■ **Problem details**: In the entries below, repeat only the lines between those holding "Tencent Gamesの開発スタジオ、MoreFun Studios" and "including lively conversations", inclusive. Leave pictures out.

■ **Extracted information**:

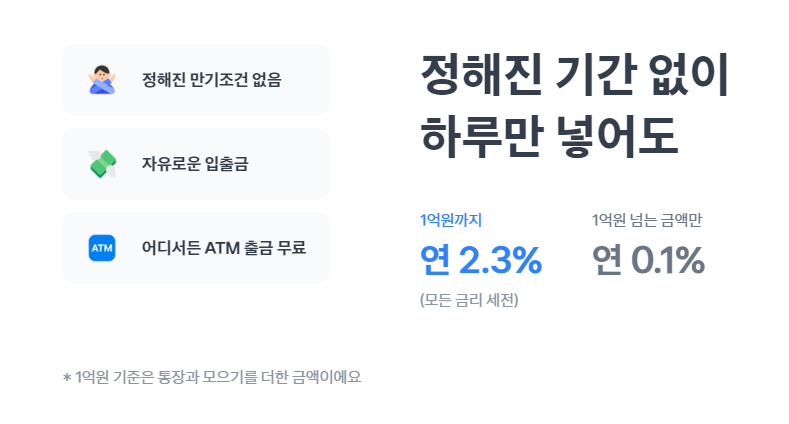 기존에 2.0% 에서 2.3%로 토스뱅크 이자(금리)가 0.3% 올랐어요.
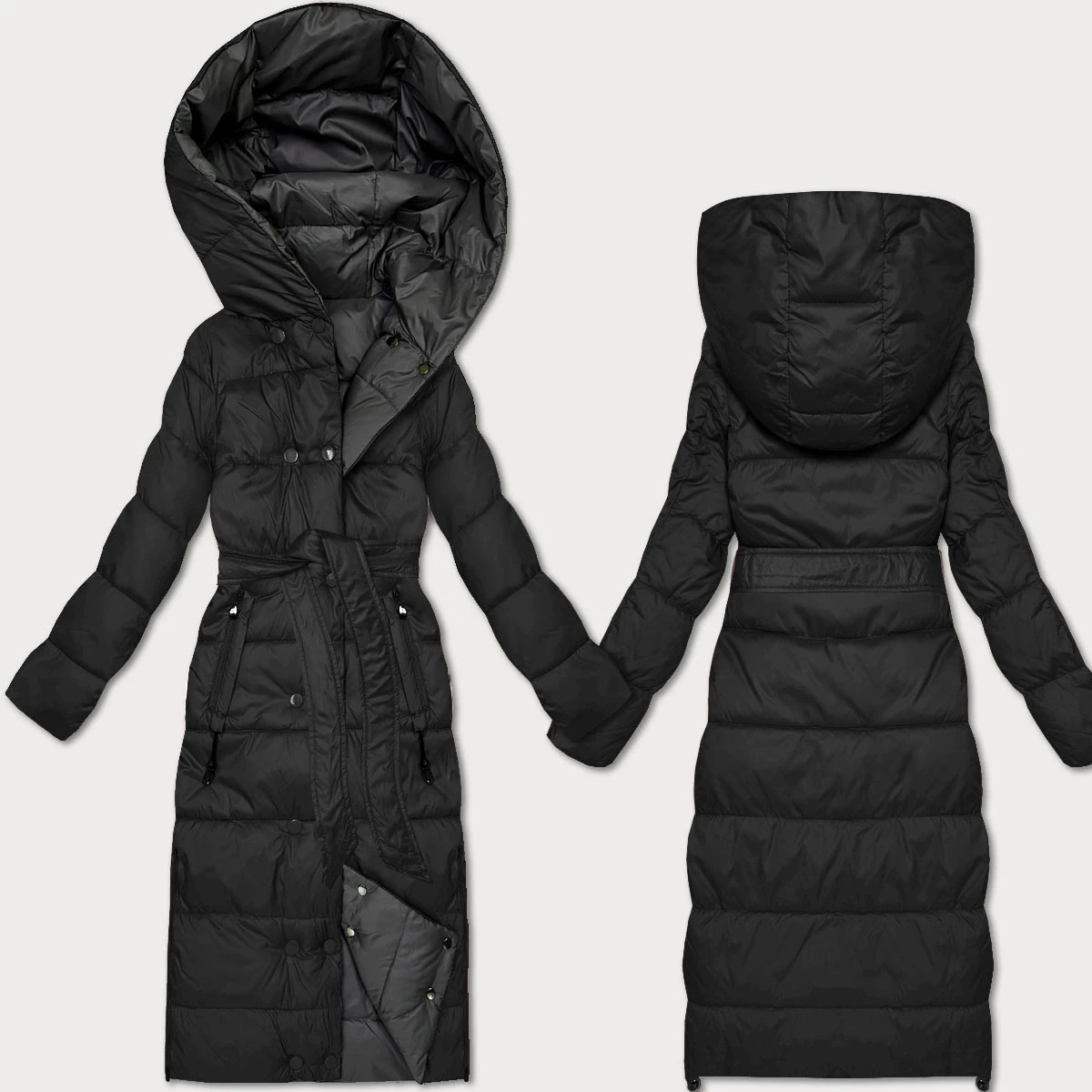 Bunda je prošívaná, je zateplená syntetickou péřovou výplní, má dvě kapsy a zapíná se dvousměrným zipem a panelem s patentkami. Model má kapuci, kterou není možné odepnout. Ve spodní části modelu jsou na bocích rozparky se zapínáním na zip. Bunda má délku ke kolenům.
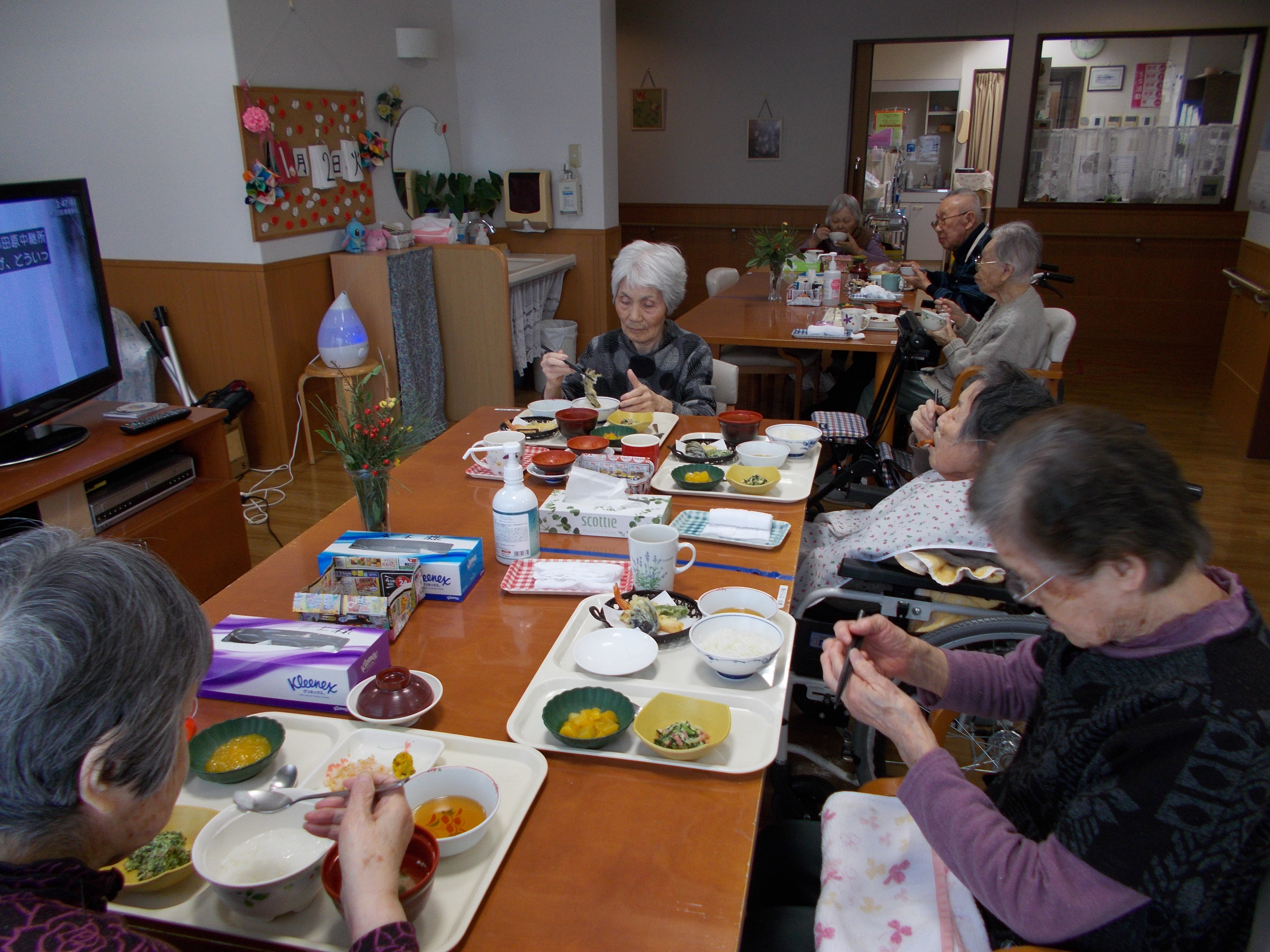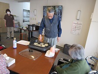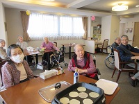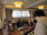 毎年、お正月は、干支の着ぐるみで甘酒を提供していましたが、今年は何か違う事がしたいと思い、リーダー達と検討した結果、餅つきがしたいとの話になりました。ただし、年末に餅つき行うには日程が決まらず、結果1月中旬に餅つきを行う事になりました。その代わりに、1月2日にお煎餅焼きを行う事になりました。午前中は、4階、5階のご入居者様に焼き立てのお煎餅を召し上がっていただきました。ご入居者様から、温かくて美味しかった。スタッフからは、お煎餅を焼いている香りがエレベーターまで届いていますと、シーハーツ川口では、初めてのお煎餅焼きでした。ご入居者様とスタッフにも好評でしたので、開催するつもりです。
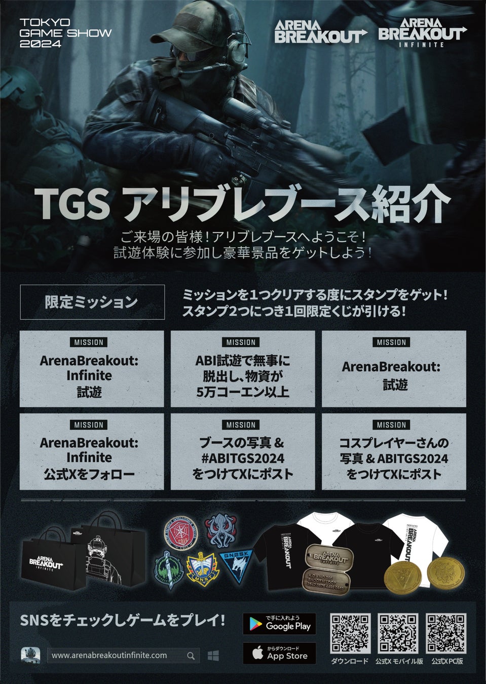 Tencent Gamesの開発スタジオ、MoreFun Studios Groupが手掛ける略奪系タクティカルスマホFPS『Arena Breakout』(以下、アリブレ)と、そのPC版である『Arena Breakout: Infinite』(以下、アリブレPC)が、2024年9月26日(木)から9月29日(日)まで幕張メッセにて開催される「東京ゲームショウ2024」(以下、TGS2024)に出展します。
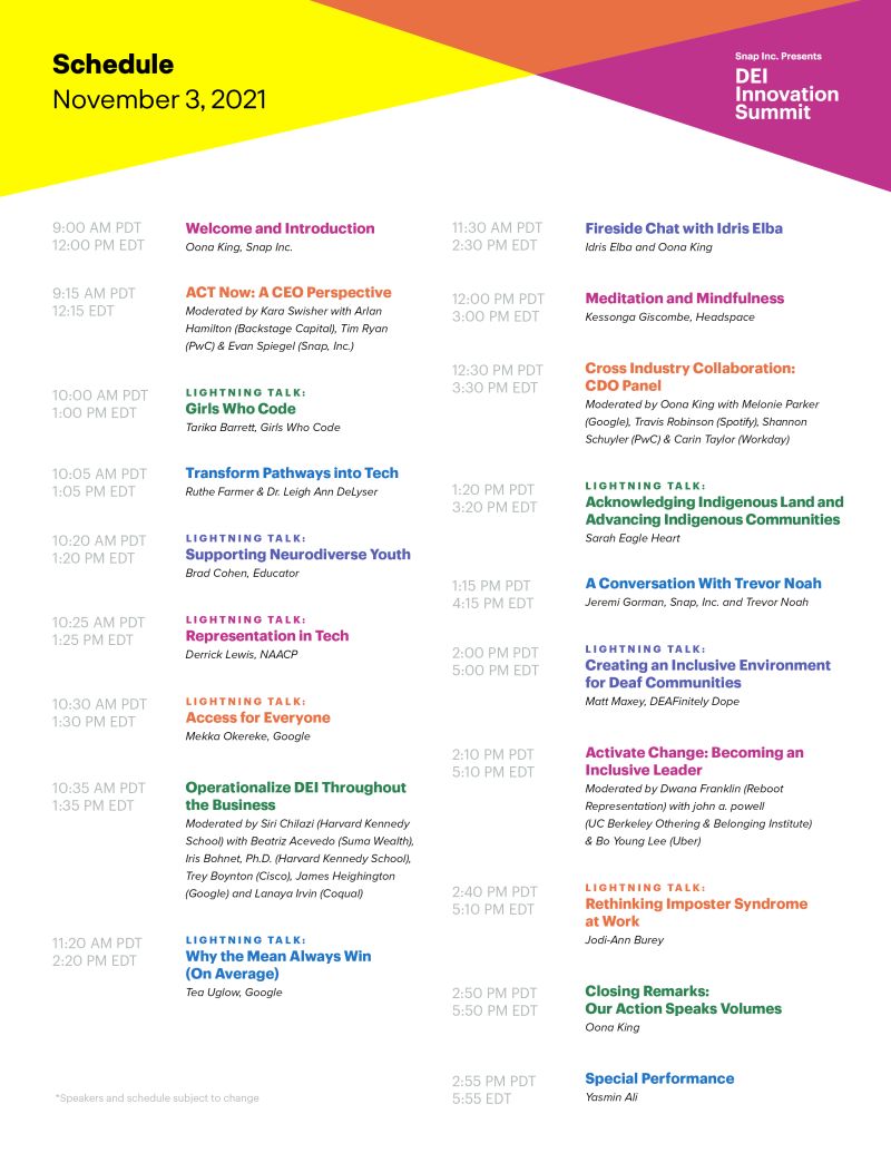 @Snap#DEIInnovationSummit including lively conversations with Idris Elba and Trevor Noah. https://twitter.com/Snap#ActionSpeakspic.twitter.com/bRpWCbGFWZ
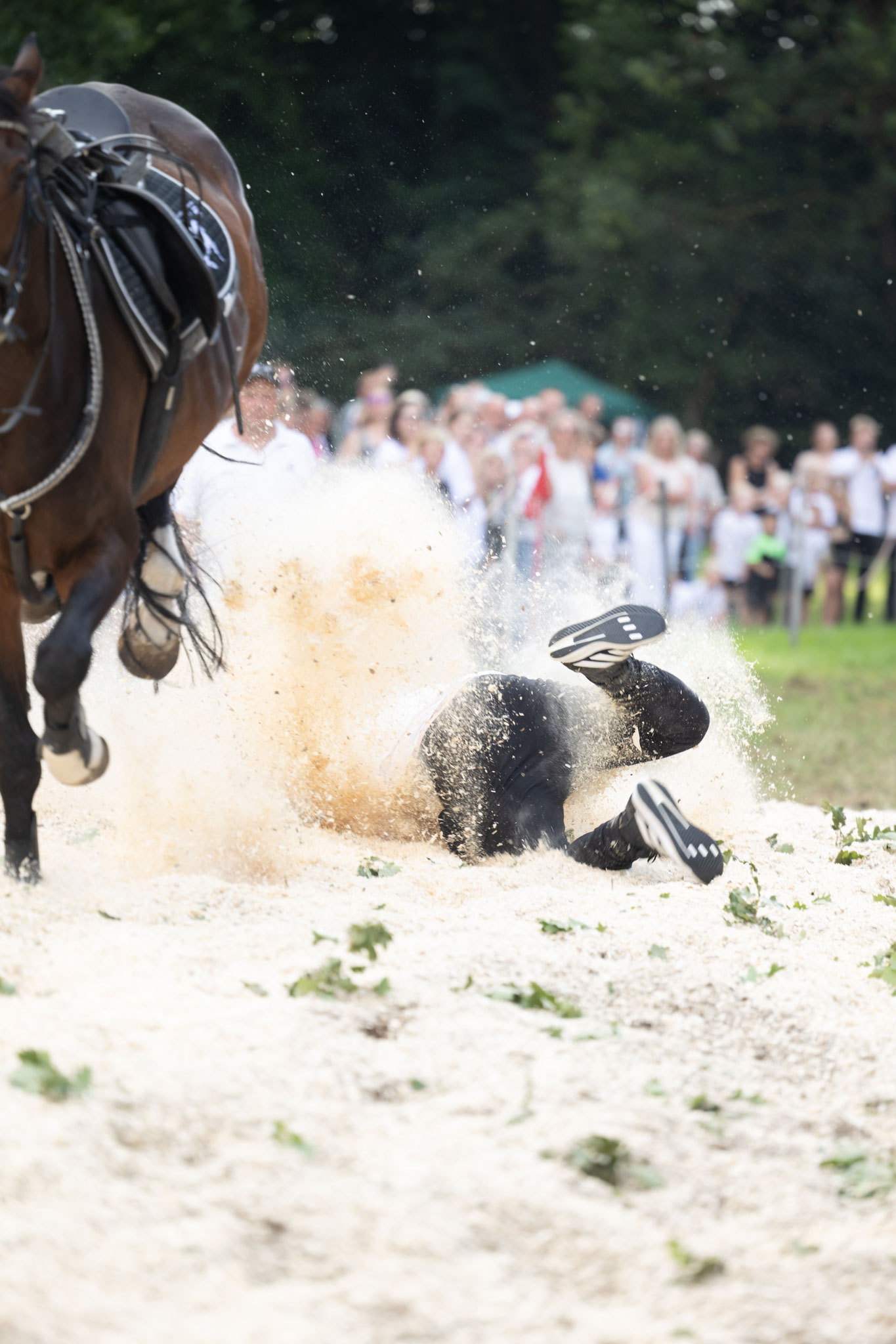 Der Kranzreiterverein Hahlen e.V. hat es sich zum Ziel gesetzt das traditionellen Kranzreiten zu bewahren und weiterzuführen. Seit über 100 Jahren wird der Reiterwettkampf durch die Dorfjugend ausgetragen. Ziel ist es, einen an einem Gerüst, (dem s.g. Galgen) hängenden Kranz aus Eichenlaub von einem galoppierenden Pferd aus mit der Hand zu greifen und zu Boden zu reißen. Mit zunehmender Höhe des Kranzes, ist dabei ein Verlassen des Pferderückens und die anschließende Landung im Sägemehl unumgänglich. Der Sieger des Reitens, der Kranzreiter-Präsident, regiert die Reiterschar zusammen mit seiner Präsidentin jeweils bis zum nächsten Kranzreiten. Detaillierte Informationen zu Regel und Ablauf des Wettkampfes, finden sie auch auf dieser Seite. Am besten ist aber, sich die Sache selbst einmal anzuschauen…
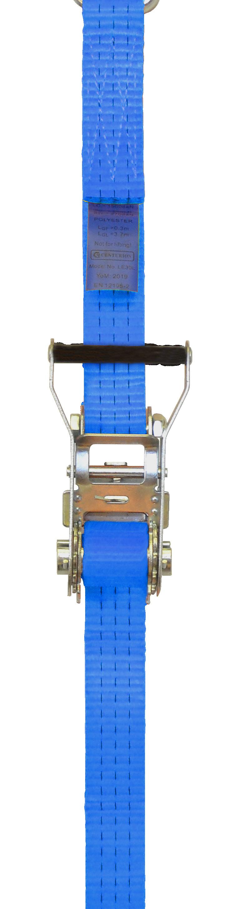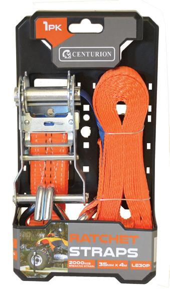 quality 35mm PES webbing Strengthened spring gear with easy release mechanism HEAVY DUTY RATCHET STRAPs RATCHET STRAPs PACK SIZE: 1 Pack CATEGORY: Heavy Duty STRAP WIDTH: 35mm STRAP LENGTH: 4m BREAKING STRENGTH: 2000kgs STANDARD: EN 12195-2 PRODUCT SPEC LE30P PACK SIZE: 1 Pack CATEGORY: Heavy Duty STRAP WIDTH: 35mm STRAP LENGTH: 6m BREAKING STRENGTH: 2000kgs STANDARD: EN 12195-2 PRODUCT SPEC LE31P • Easy and convenient to use • Provides enough leverage to make fastening even the heaviest equipment easy • One hand tightening • High quality hardware and PES webbing • Provides strength ratings up to 2000kgs • Claw Hook made from high grade zinc plated steel KEY FEATURES LC = 1000daN SHF = 50daN STF = 280daN POLYESTER LGF = 0.3m LGL = 3.7m Not for lifting Model No. LE30P YoM: 2019 EN 12195-2 Production date European norm Order code Reference Manufacturer Warning Webbing Material Standard hand force Loading Capacity Length of fixed end Length of long end Standard tension force ratchet Strap Label Its a legal requirement to clearly detail the straps capabilities, without this label the straps are not legally allowed to be used. All Centurion’s ratchet straps feature this label. Ratchet strap label for safety
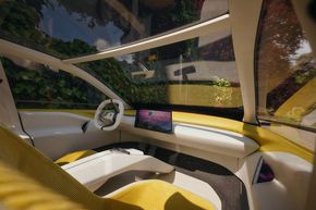 Bên trong nội thất, Vision Neue Klasse là cách mà BMW muốn cho chúng ta thấy về nền tảng iDrive thế hệ tiếp theo. Khoang lái của xe được làm đơn giản, nổi bật với màn hình nằm ở trung tâm bảng táp lô. Chưa dừng lại ở đó, phía cạnh dưới của kính chắn gió phía trước là Panoramic Vision - màn hình HUD cỡ lớn giúp hiển thị các nội dung cần thiết.
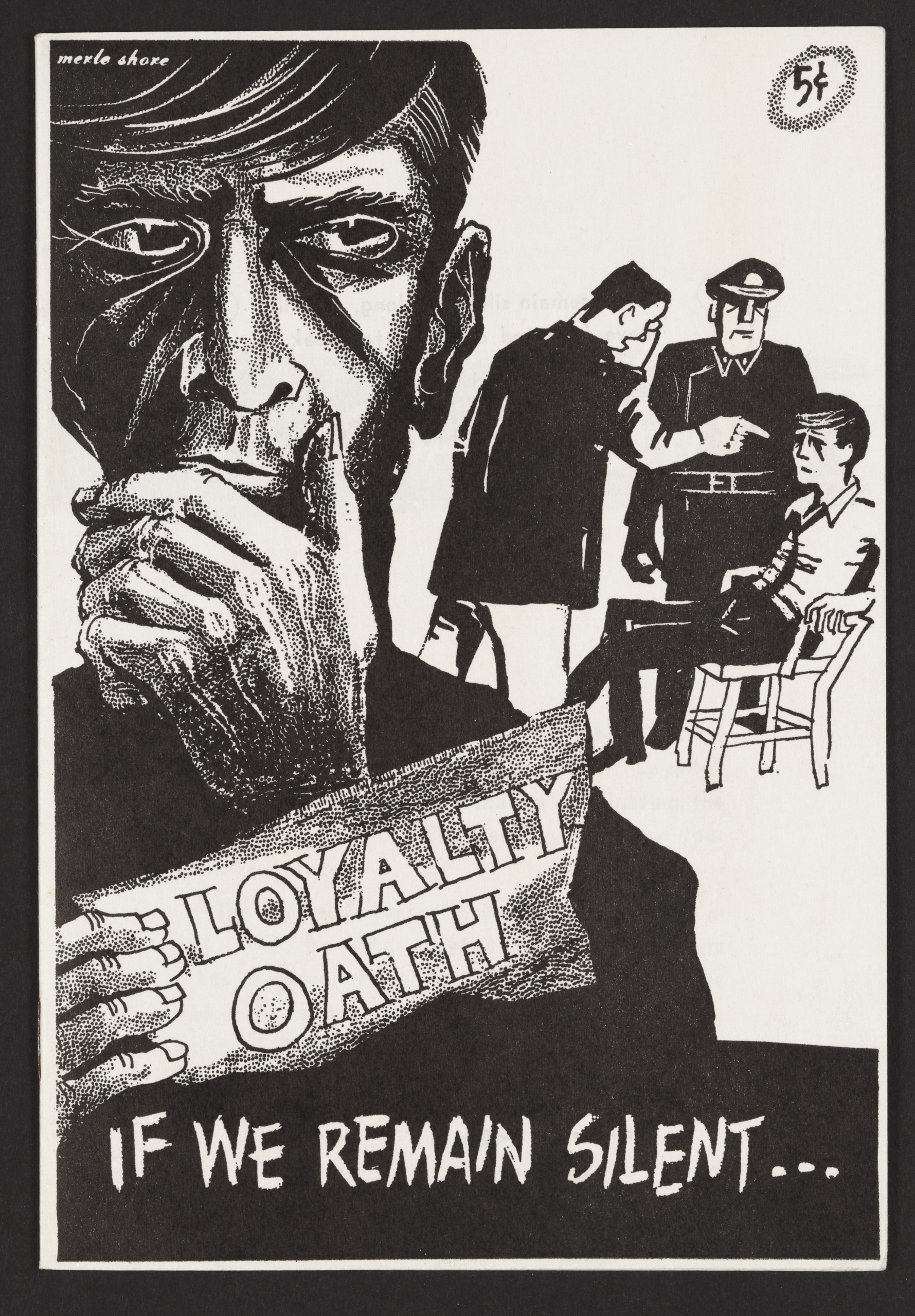 Merle Shore’s cover art depicts an anxious figure grasping a torn “Loyalty Oath,” while, in the background, men in dark uniforms interrogate another citizen. It underscores the pamphlet’s central message: silence in the face of authoritarian intrusion endangers everyone’s freedom. - Dramatic Headlines and Excerpts
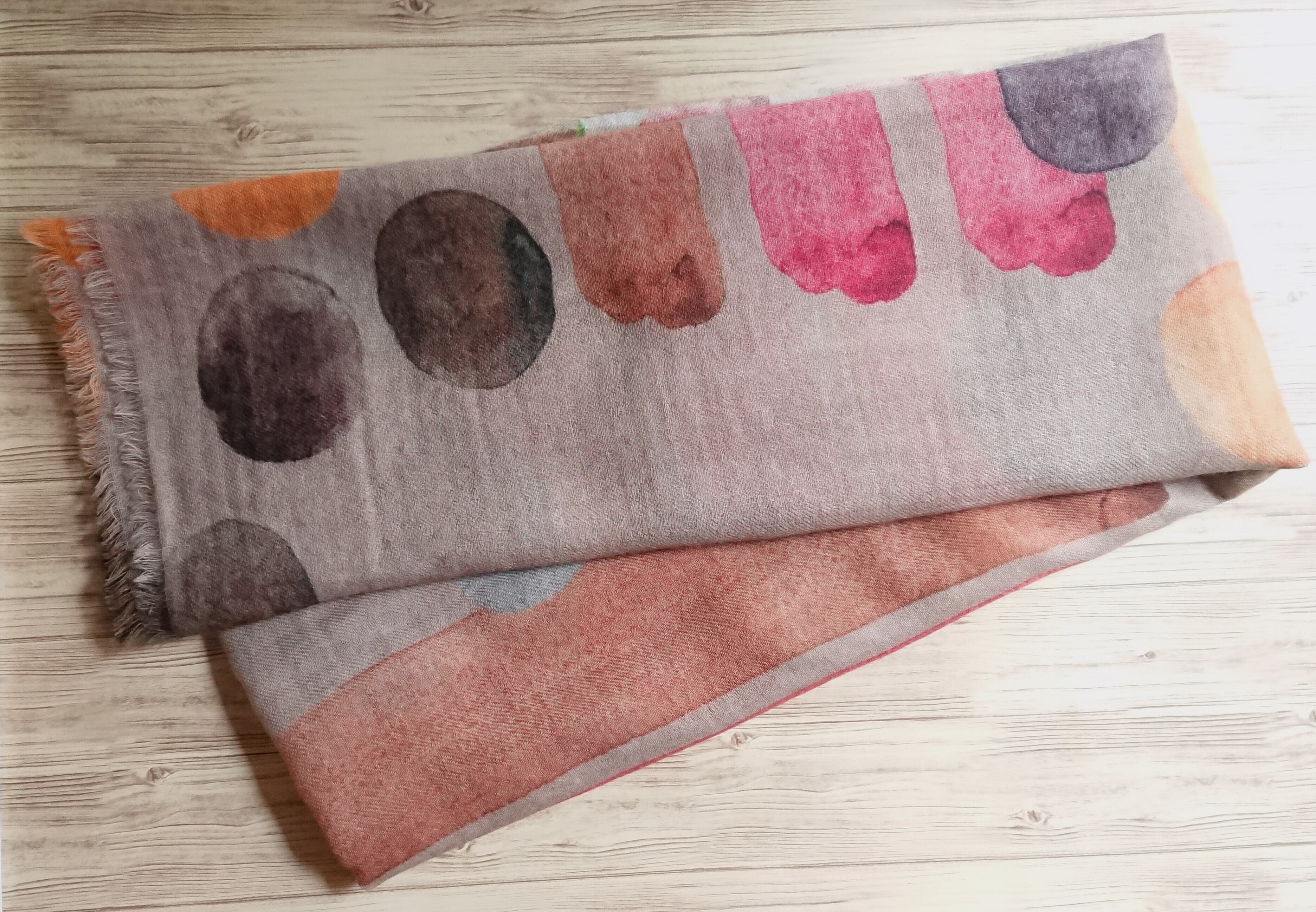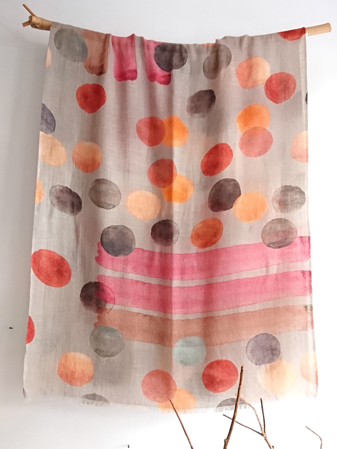 デジタルプリントならではの美しい色味で、つけていると楽しい気分になるような、そんなストールです。

■ **Completed task**:
 Tencent Gamesの開発スタジオ、MoreFun Studios Groupが手掛ける略奪系タクティカルスマホFPS『Arena Breakout』(以下、アリブレ)と、そのPC版である『Arena Breakout: Infinite』(以下、アリブレPC)が、2024年9月26日(木)から9月29日(日)まで幕張メッセにて開催される「東京ゲームショウ2024」(以下、TGS2024)に出展します。
 @Snap#DEIInnovationSummit including lively conversations with Idris Elba and Trevor Noah. https://twitter.com/Snap#ActionSpeakspic.twitter.com/bRpWCbGFWZ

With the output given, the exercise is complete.